• **WHAT YOU ARE ASKED TO DO**:
Each line below from the "استقبل رئيس الجمهورية" line through the "Das Badezimmer mit" line, those two included, must be restated word for word; the pictures must not be.

• **MATERIAL SUPPLIED**:
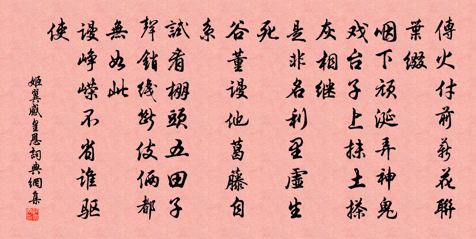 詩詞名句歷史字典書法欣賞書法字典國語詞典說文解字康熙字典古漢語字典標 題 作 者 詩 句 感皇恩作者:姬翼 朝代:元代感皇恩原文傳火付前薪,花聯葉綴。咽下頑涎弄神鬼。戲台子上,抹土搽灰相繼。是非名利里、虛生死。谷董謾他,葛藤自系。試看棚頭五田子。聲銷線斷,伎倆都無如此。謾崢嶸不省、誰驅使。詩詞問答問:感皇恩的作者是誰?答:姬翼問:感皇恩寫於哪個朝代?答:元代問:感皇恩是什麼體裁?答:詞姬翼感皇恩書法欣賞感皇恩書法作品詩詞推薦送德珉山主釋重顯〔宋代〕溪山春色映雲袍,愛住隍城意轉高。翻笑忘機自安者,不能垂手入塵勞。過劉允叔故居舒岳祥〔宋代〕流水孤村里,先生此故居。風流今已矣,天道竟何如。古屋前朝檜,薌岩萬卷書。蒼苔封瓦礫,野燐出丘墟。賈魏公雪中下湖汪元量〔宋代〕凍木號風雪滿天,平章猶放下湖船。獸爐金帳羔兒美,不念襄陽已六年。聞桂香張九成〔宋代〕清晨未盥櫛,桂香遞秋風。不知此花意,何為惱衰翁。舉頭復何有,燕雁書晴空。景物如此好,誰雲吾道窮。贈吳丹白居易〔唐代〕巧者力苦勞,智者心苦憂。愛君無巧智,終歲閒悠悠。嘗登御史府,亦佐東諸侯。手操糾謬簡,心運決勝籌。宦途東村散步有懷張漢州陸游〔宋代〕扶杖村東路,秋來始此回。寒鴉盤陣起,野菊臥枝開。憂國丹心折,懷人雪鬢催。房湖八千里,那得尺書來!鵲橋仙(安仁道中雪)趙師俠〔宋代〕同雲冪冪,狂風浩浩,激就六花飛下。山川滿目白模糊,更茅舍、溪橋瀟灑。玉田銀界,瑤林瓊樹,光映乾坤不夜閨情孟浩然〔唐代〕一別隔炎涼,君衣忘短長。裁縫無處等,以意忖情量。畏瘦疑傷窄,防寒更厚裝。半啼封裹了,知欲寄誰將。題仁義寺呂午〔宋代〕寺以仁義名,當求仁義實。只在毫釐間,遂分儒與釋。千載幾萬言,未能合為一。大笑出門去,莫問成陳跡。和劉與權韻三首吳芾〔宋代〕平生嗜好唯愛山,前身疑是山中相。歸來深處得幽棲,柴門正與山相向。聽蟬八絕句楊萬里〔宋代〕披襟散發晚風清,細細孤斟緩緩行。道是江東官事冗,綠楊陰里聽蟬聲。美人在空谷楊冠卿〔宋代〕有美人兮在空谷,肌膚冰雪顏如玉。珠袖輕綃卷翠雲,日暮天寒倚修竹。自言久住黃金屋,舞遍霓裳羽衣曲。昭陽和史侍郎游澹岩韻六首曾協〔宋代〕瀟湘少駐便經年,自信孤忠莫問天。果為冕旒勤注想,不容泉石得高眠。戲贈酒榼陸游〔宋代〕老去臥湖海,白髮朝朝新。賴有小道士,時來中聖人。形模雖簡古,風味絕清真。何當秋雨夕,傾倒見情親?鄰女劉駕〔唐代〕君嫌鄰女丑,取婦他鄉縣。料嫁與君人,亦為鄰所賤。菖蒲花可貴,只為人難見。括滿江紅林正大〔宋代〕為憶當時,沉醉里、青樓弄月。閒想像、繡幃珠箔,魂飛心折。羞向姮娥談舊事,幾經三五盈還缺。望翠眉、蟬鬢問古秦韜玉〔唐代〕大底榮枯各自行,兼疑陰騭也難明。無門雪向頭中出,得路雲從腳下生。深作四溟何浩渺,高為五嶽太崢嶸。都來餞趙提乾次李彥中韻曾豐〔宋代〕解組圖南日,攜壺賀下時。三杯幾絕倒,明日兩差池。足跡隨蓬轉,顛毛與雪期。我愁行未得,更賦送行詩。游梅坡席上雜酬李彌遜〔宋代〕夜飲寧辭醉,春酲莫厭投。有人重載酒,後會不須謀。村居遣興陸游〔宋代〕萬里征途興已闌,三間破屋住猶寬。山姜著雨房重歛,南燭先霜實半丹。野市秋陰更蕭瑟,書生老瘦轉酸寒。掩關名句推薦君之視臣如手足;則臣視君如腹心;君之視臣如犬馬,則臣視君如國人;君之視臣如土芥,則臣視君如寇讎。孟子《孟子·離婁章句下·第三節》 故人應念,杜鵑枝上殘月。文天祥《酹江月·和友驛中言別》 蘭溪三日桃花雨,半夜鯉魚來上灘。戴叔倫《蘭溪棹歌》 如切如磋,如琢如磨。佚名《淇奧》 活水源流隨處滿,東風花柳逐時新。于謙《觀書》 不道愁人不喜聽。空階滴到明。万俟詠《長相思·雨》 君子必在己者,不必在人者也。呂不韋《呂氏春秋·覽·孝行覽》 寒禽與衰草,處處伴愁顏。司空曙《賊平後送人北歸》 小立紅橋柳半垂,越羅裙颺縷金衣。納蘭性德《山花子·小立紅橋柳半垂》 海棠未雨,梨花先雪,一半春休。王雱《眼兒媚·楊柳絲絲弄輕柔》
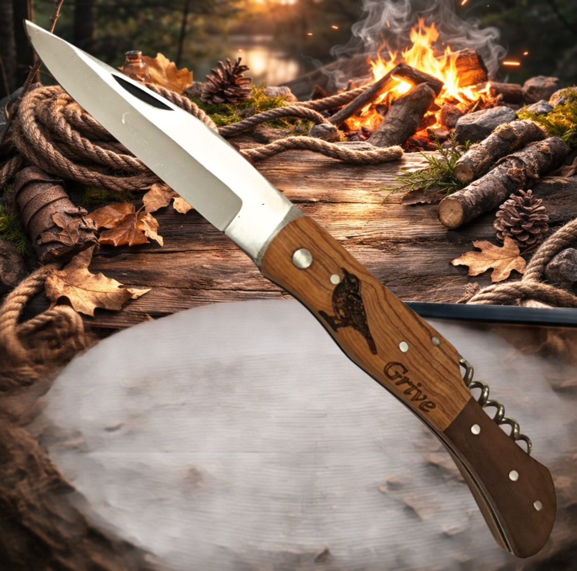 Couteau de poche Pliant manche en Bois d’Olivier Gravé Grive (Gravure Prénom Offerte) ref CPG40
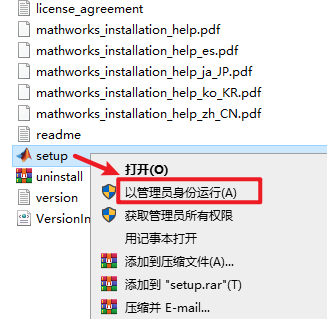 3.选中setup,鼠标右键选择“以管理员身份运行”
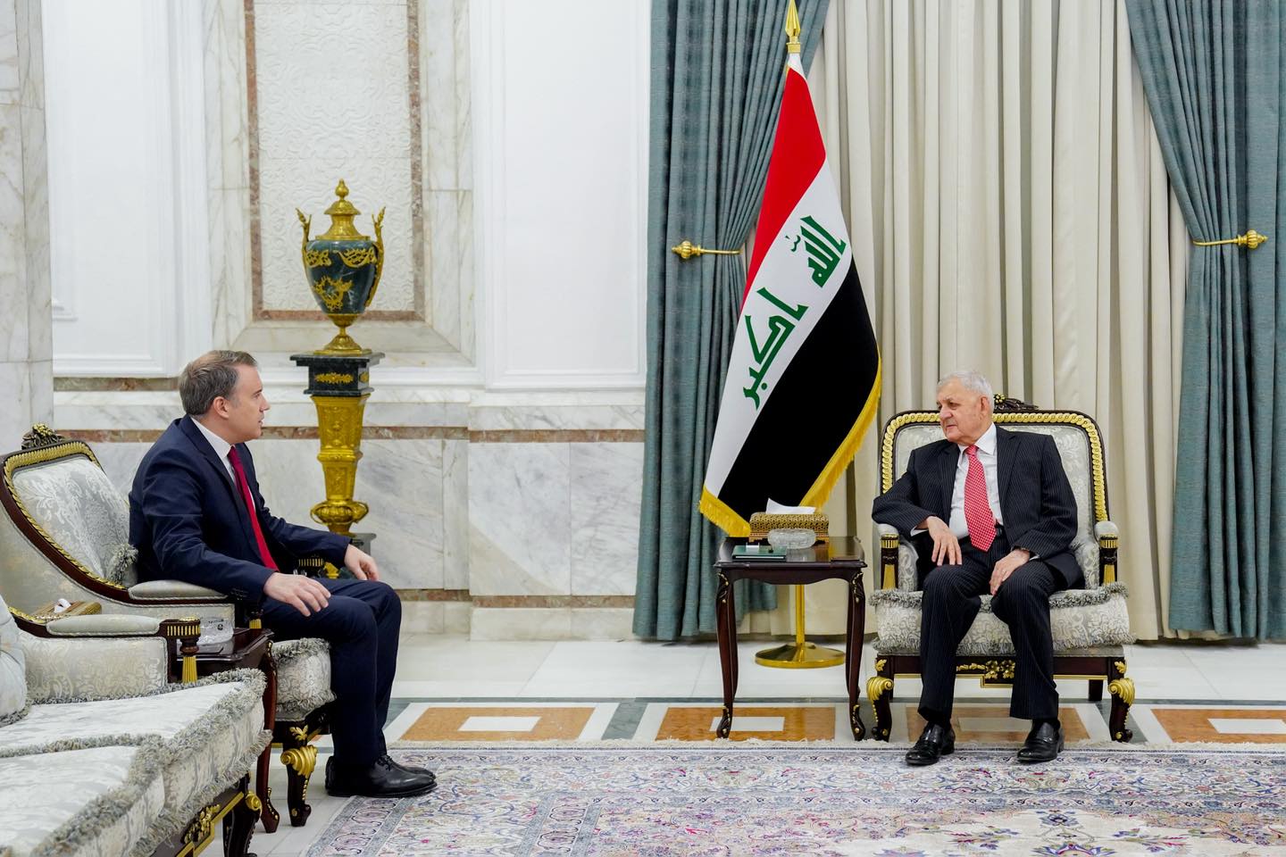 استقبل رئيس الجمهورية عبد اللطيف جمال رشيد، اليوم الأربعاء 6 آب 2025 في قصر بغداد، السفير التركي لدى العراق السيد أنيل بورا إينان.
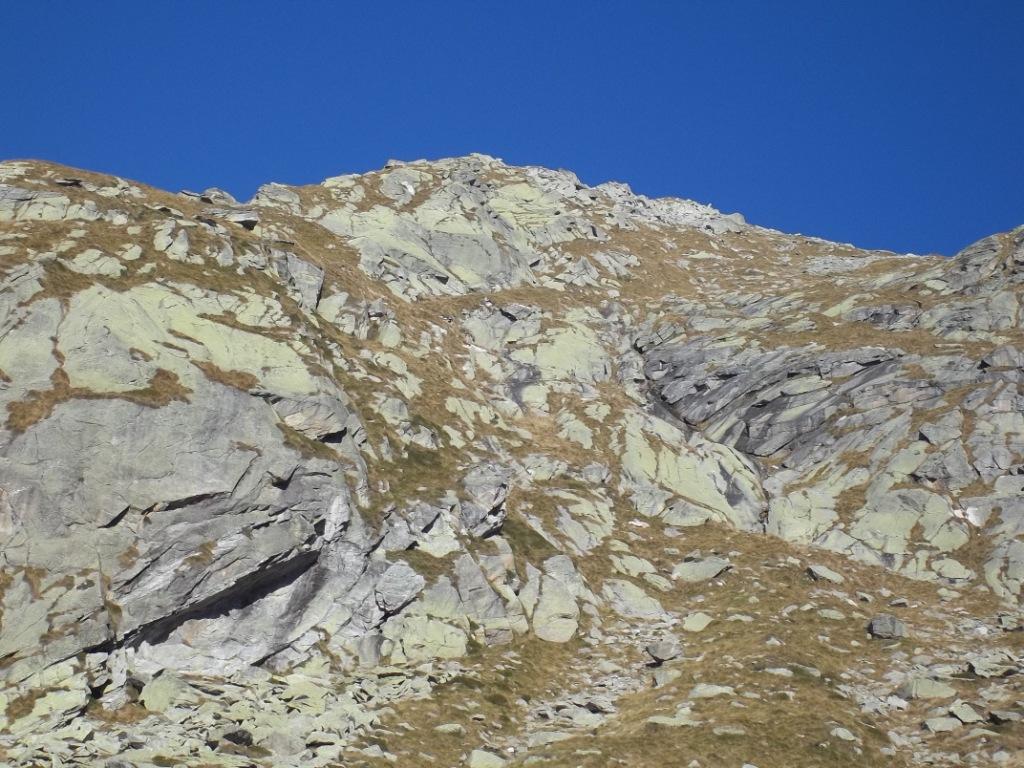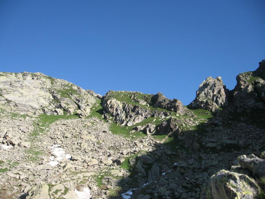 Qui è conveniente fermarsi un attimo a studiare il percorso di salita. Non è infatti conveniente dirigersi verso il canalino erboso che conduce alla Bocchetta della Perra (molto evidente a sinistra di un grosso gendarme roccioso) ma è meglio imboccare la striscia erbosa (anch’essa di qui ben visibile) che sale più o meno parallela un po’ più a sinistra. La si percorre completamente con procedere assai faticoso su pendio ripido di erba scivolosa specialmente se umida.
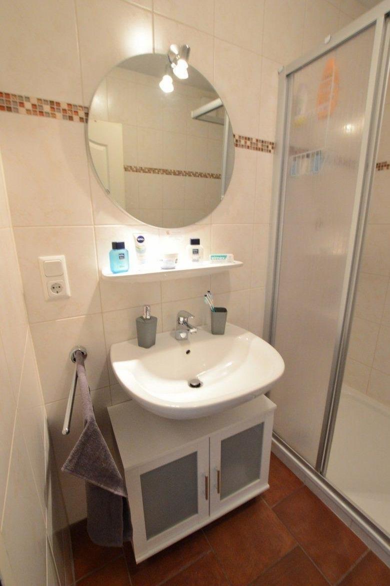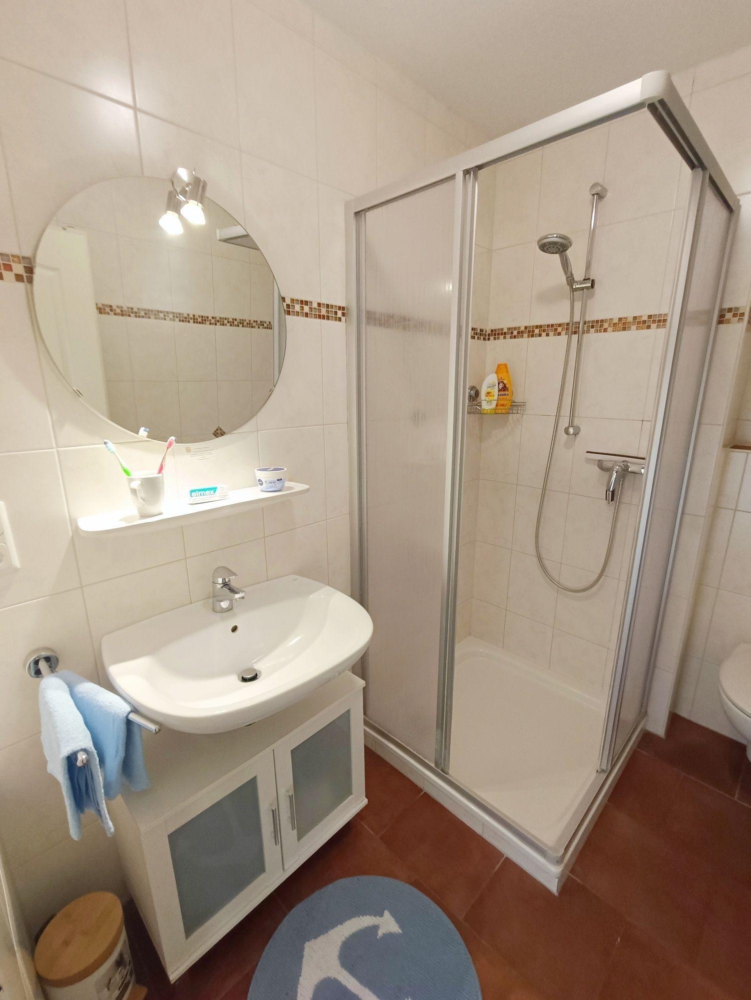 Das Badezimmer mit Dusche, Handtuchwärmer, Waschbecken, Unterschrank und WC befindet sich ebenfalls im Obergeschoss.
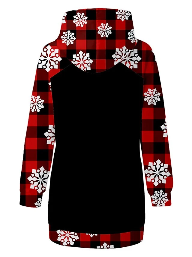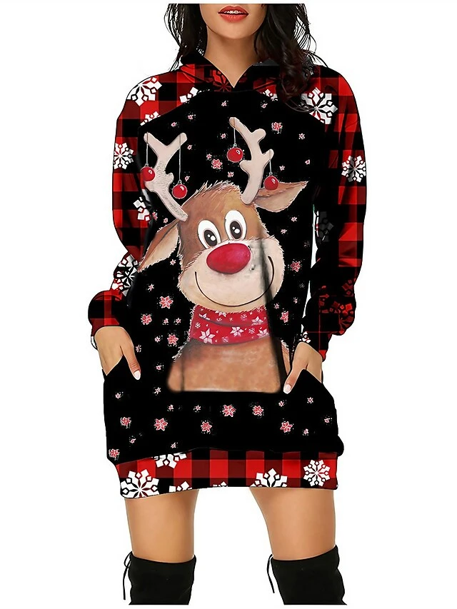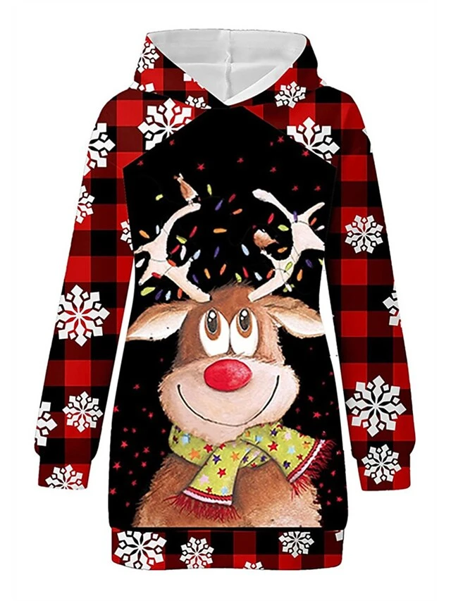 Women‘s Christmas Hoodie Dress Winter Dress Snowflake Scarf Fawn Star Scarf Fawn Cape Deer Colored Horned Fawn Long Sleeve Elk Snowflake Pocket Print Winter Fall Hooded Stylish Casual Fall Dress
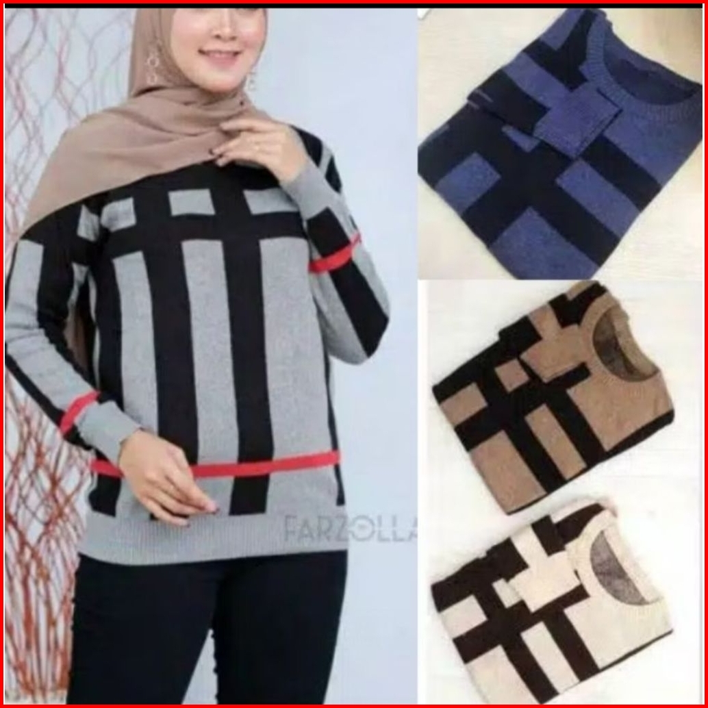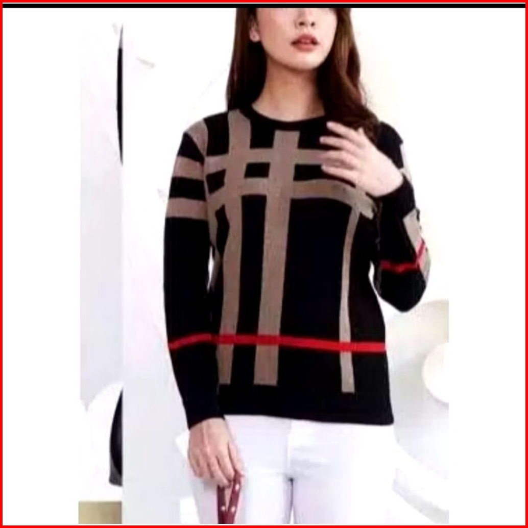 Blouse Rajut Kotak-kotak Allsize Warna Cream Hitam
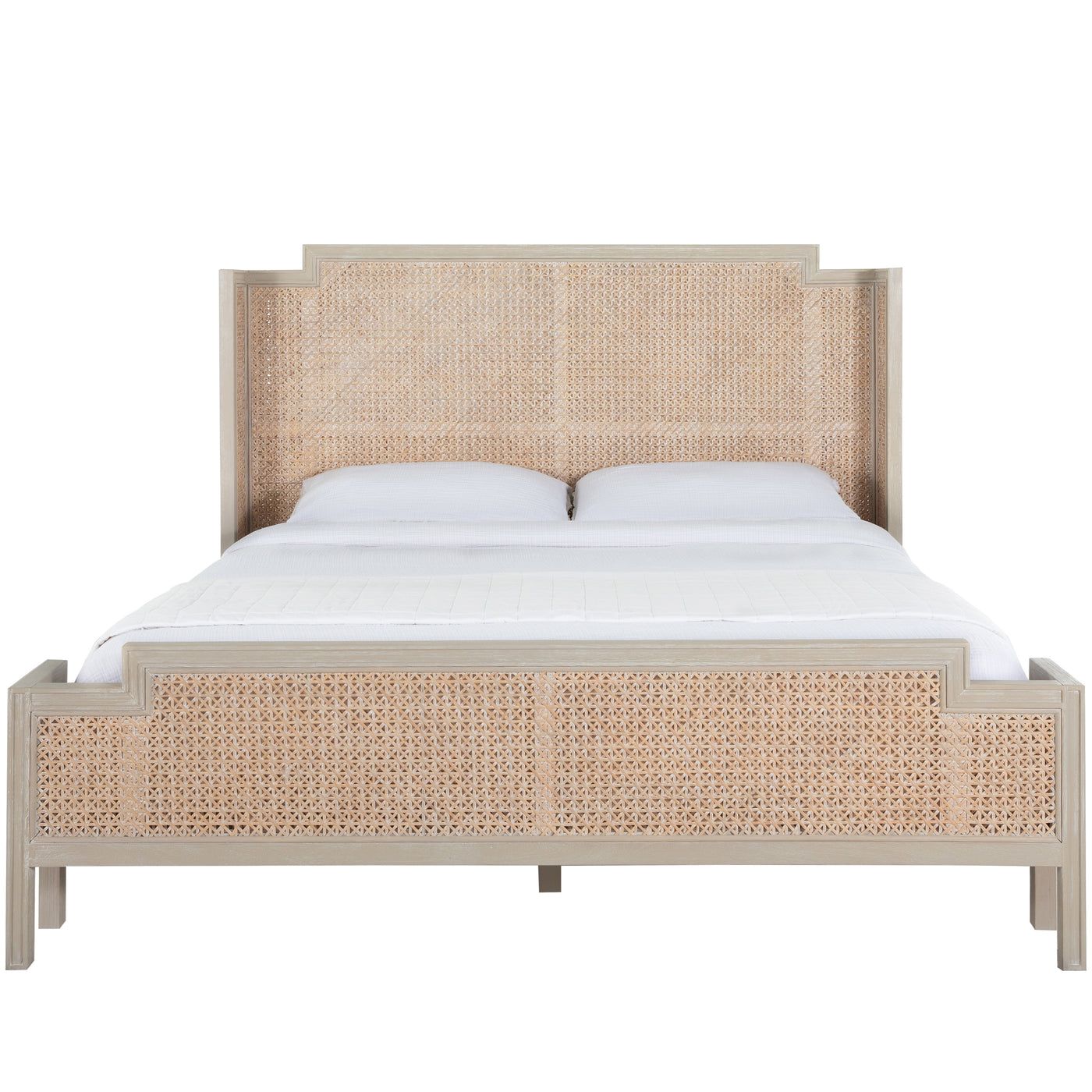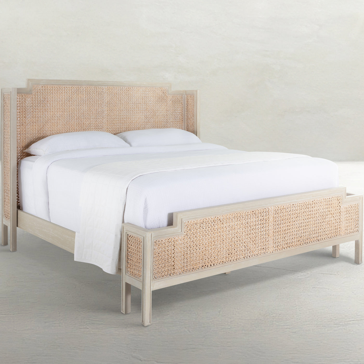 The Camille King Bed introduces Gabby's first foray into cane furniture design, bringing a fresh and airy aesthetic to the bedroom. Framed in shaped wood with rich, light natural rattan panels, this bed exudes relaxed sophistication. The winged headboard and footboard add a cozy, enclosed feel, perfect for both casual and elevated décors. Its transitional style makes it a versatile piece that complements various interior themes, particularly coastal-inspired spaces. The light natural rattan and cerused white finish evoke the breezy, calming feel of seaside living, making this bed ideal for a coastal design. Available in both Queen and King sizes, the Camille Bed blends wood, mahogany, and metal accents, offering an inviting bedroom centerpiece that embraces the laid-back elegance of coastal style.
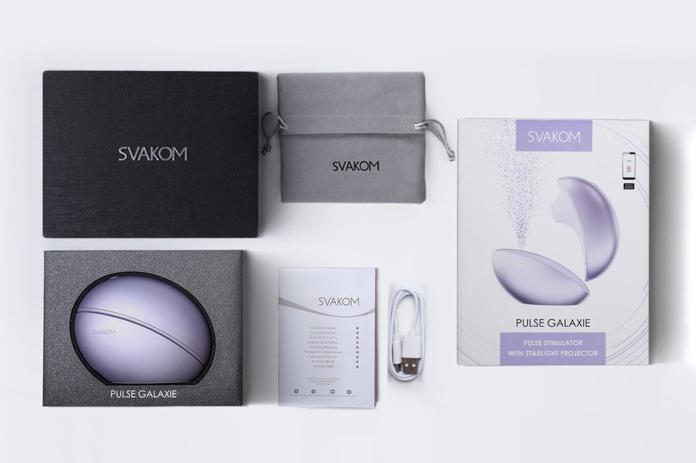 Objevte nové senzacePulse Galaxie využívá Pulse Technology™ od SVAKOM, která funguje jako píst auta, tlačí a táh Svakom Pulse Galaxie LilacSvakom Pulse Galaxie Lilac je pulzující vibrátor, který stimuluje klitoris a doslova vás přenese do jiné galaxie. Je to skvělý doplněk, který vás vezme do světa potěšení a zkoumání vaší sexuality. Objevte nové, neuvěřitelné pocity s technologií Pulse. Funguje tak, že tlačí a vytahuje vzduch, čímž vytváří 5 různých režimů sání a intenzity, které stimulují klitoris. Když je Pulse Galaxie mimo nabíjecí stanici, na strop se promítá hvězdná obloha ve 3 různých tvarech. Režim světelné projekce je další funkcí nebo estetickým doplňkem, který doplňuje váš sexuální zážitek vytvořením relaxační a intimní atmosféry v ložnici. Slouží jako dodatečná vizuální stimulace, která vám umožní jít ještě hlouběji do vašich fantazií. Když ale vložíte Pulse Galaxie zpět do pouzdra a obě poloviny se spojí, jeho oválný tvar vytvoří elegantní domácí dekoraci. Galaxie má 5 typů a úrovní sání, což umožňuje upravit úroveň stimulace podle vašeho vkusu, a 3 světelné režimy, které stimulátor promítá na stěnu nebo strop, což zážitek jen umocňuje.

• **SOLUTION TO THIS EXERCISE**:
 استقبل رئيس الجمهورية عبد اللطيف جمال رشيد، اليوم الأربعاء 6 آب 2025 في قصر بغداد، السفير التركي لدى العراق السيد أنيل بورا إينان.
 Qui è conveniente fermarsi un attimo a studiare il percorso di salita. Non è infatti conveniente dirigersi verso il canalino erboso che conduce alla Bocchetta della Perra (molto evidente a sinistra di un grosso gendarme roccioso) ma è meglio imboccare la striscia erbosa (anch’essa di qui ben visibile) che sale più o meno parallela un po’ più a sinistra. La si percorre completamente con procedere assai faticoso su pendio ripido di erba scivolosa specialmente se umida.
 Das Badezimmer mit Dusche, Handtuchwärmer, Waschbecken, Unterschrank und WC befindet sich ebenfalls im Obergeschoss.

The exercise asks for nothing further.